Tuesday, December 18, 2012

Sandy Hook Massacre - Where Was God? (Part 2)

Does the Sandy Hook Massacre really add more evidence to the case against God? Or, perhaps, is there some deeper truth at work here?

The horrific events at Sandy Hook School on  December 7th, the slaughter of 26 people, 20 of them five and six year old children, by Adam Lanza, has once again caused many to question either the goodness of God or even if he exists at all. How could God have allowed such a dreadful and outrageous thing to happen?

As I wrote in my last post, many consider this issue, the problem of reconciling a supposedly all-knowing, all-powerful and completely good God with the existence of evil, to be the Achilles’ Heal of religion. Many thoughtful people have looked at this issue and decided there is no way to make all of the Bible’s claims about God fit with what they observe in real life. It’s logically impossible, they think. Given the amount of pain and suffering in the world it has to be that either the Bible is wrong about what it says who God is or else there is no God, he doesn’t exist.

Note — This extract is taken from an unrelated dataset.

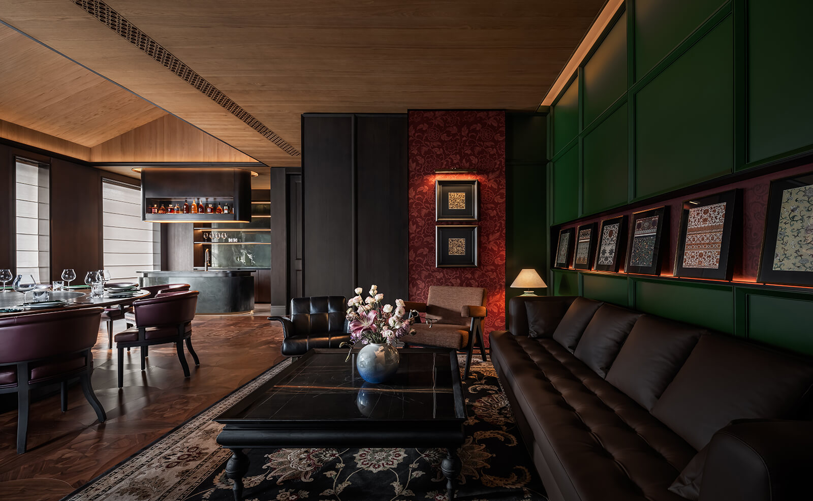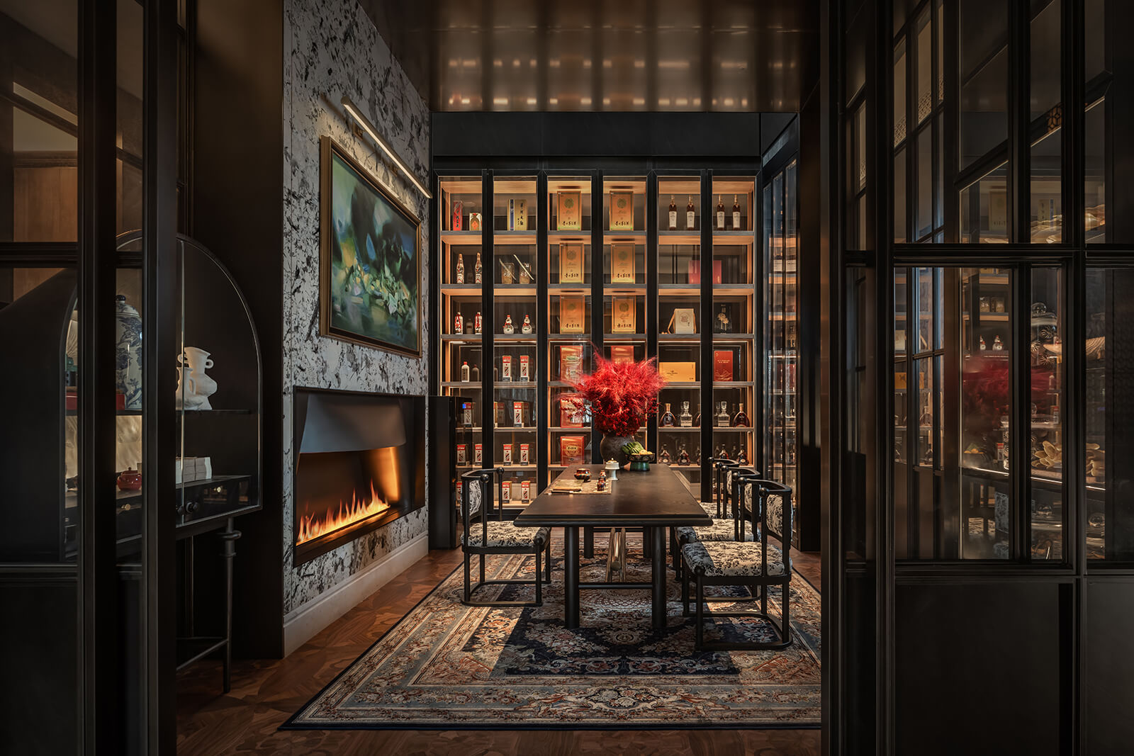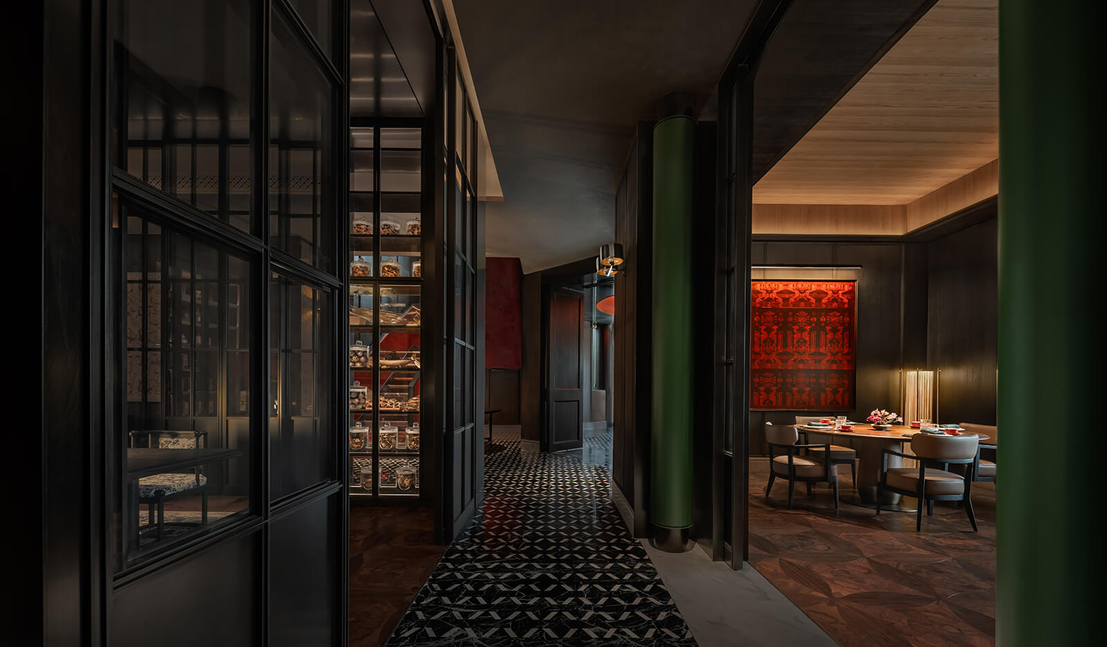 Lighting design by Langlige Lighting becomes increasingly important after dusk. A layered system of pendants, linear fixtures and concealed sources creates depth without theatricality. Light moves across red jade, ebony finishes and blue brick, maintaining continuity while supporting different moods across zones.

Skeptics have often used this issue to “prove” that God does not exist and that Christianity is a fraud. The Bible says that God is omniscient (all-knowing), omnipotent (all-powerful) and omnibenevolent (perfectly good). If that’s true then it is reasonable, they say, to conclude that God would eliminate evil and the suffering that accompanies it. Wouldn’t you stop your friends from suffering if you could? But God doesn’t end evil or suffering. So the only reasonable conclusion is that God is not omniscient, or not omnipotent, or not omnibenevolent, that is, he is not the God described in the Bible, or else he doesn’t really exist.

According to this thinking, the problem of pain and suffering proves that there is not and cannot be a God who is all-knowing, all-powerful and perfectly good.  Even the famous Christian thinker and writer, C.S. Lewis, wrote in his book The Problem of Pain, “If you ask me to believe that this is the work of a benevolent and omnipotent spirit, I reply that all the evidence points in the opposite direction. Either there is no spirit behind the universe, or else a spirit indifferent to good and evil, or else an evil spirit.”

            In the book 50 Philosophy Ideas You Really Need to Know, Ben Dupre cited four examples of horrible suffering: the 1984 – 1985 famine in Ethiopia that “caused over one million people to starve agonizingly to death;” an October 2005 earthquake in Pakistan that killed 75,000, injured over 100,000 and left 3 million homeless; the account of an “animal-loving, baseball playing” seven-year-old from Michigan, a good kid who never harmed anyone, who died in January 2007 from an inoperable malignant tumor that destroyed his brainstem; and the case of nine-year-old Jessica Lunsford from Florida who in February 2005 was kidnapped, raped and murdered by a convicted sex offender. Dupre then concludes:

Famine, murder, earthquake, disease – millions of people’s futures blighted, young lives needlessly snuffed out, children left orphaned and helpless, agonizing deaths of young and old alike. If you could click your fingers and stop this catalogue of misery, you would have to be a heartless monster not to do so. Yet there is supposed to be a being that could sweep it all aside is an instant, a being that is unlimited in its power, knowledge and moral excellence: God. Evil is everywhere, but how can it exist side by side with a god who has, by definition, the capacity to put an end to it?

If God exists, the only rational thing we can believe about him, according to Dupre, is that he is a heartless monster. If not a heartless monster, then he must be either too ignorant or too weak to do what the right thing for people. A better, or at least a more palatable, conclusion is that he is not there; there is no God.

That’s the philosophical problem of evil and suffering. Many think it’s a pretty convincing argument against the existence of God and the Christian faith.  If that’s so then the tragic events at the Sandy Hook School merely pile up more evidence against God. But, perhaps, things are not as they seem. Perhaps there are deeper truths that show how it is that God not only exists but he is in fact omniscient, omnipotent and omnibenevolent, just as the Bible says, and that he has good reasons for allowing evil.

That’s what I’ll consider in the next and final installment of “The Sandy Hook Massacre – Where Was God?”

1 comment:

  1. Barry:

    Thanks for letting me know about your blog. I am heartbroken over this tragedy as many are. There is no way to make any sense of it as it was the act of a mad man. It was pure evil from the pit of Hell.

    I am looking forward to reading your third installment as this question of "Why has God allowed these terrible things to happen?" continues to be a popular question to Christians from non-Christians and sometimes even fellow Christians.